• **DIRECTIONS**: From the entries that follow, list every line in which the string "card" appears.

• **MATERIAL FOR THIS TASK**:
____
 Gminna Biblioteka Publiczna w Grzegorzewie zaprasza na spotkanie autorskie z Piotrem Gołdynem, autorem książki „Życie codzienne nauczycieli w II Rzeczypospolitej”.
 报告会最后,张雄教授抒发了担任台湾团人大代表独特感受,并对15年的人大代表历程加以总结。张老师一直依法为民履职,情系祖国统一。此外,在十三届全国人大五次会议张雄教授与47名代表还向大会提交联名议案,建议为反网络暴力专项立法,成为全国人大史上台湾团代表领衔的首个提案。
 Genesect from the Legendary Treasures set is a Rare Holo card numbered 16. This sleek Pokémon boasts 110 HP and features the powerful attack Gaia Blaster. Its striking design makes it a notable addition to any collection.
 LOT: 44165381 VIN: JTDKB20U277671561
____
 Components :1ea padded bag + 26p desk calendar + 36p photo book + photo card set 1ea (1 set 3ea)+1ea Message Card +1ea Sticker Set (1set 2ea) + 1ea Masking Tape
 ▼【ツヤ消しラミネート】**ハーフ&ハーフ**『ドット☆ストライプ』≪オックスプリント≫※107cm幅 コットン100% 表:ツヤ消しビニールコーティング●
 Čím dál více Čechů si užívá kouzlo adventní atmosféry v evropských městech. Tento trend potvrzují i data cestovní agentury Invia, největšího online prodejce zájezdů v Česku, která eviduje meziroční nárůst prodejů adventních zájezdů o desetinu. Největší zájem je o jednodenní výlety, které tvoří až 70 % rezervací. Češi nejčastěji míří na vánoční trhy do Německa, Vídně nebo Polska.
____
• **EXERCISE ANSWER**:
 Genesect from the Legendary Treasures set is a Rare Holo card numbered 16. This sleek Pokémon boasts 110 HP and features the powerful attack Gaia Blaster. Its striking design makes it a notable addition to any collection.
 Components :1ea padded bag + 26p desk calendar + 36p photo book + photo card set 1ea (1 set 3ea)+1ea Message Card +1ea Sticker Set (1set 2ea) + 1ea Masking Tape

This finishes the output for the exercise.